В комнате стало очень тихо. Гражина, остолбенев, смотрела на этих, вдруг ставших совсем чужими, людей. Неужели ее могут… приравнять к ним?! Заставить носить такую звезду и… – додумать до конца было страшно.
Ципора, видно, заметила ее испуг.
– Папа, зачем ты пугаешь Гражину, никто ж не видел, как она к нам вошла. Когда будет уходить, я сперва сама выгляну на лестницу, проверю, нет ли там кого-нибудь. Из подъезда, – она повернулась к Гражине, – сможешь выйти спокойно: тут шесть квартир. С жильцами остальных пяти, – добавила она, – общаться не запрещено. Так что побудь еще немного у нас. – Она отворила дверь в свою комнату. – Пойдем ко мне.

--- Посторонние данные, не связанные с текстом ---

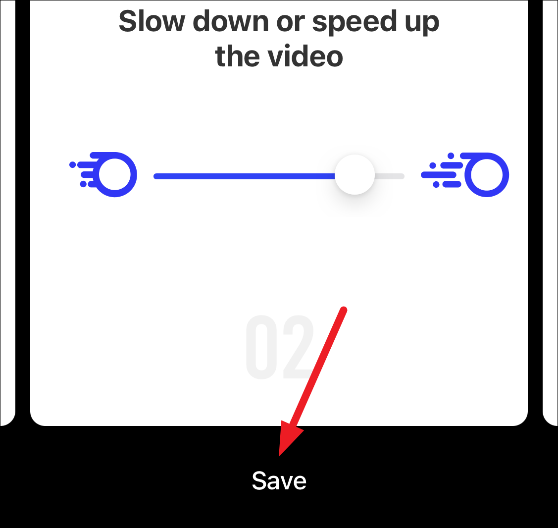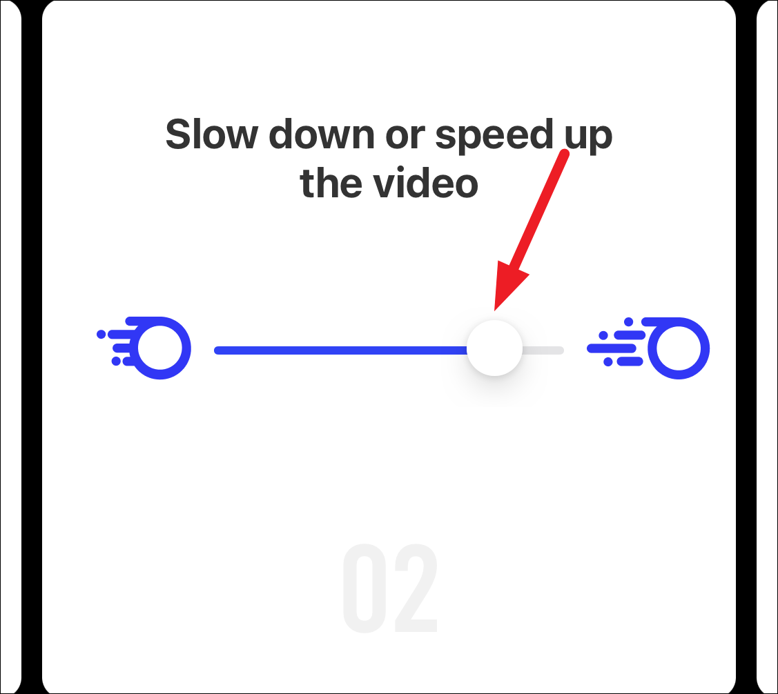 Next, swipe left on the lower part of the screen to get to the next option. Adjust the slider to slow down or speed up the video.

Комната Гражине тоже показалась какой-то другой. Вместо кровати стоит широкая тахта. И этого шкафа с зеркалом не было. Только столик у окна, за которым они готовились к выпускным экзаменам (как давно это было!), тот же. И настольная лампа с зеленым абажуром та же. Но раньше не стояла под нею эта свадебная фотография. Ципора в длинном белом платье, пышной фате и жених – красивый, высокий. Оба улыбаются.
– Яшу забрали, – заметив, что она смотрит на фотографию, вздохнула Ципора. – Уже почти три недели, как не знаю, где он. – Она легонько, одним пальцем, погладила его на снимке. – Прямо с улицы взяли. Была облава на еврейских мужчин. – И опять погладила фотографию. – Оказывается, уже не первая, но мы этого не знали… Знали бы, не выпускали бы его из дому.
– Такое предвидеть невозможно, – попыталась ее утешить Гражина. Но Ципора, кажется, не услышала.
– Говорят, что всех задержанных уводят в тюрьму. Оттуда, собрав побольше таких арестантов, отправляют в какой-то лагерь.
Гражина сжала губы, чтобы само не вырвалось: «Не в лагерь!»
– В первые дни я каждое утро ходила к тюрьме. Стояла недалеко от ворот, ждала, может, его поведут…
Гражина вздрогнула: во дворе послышались мужские голоса. Солдаты?! Если они ее здесь застанут…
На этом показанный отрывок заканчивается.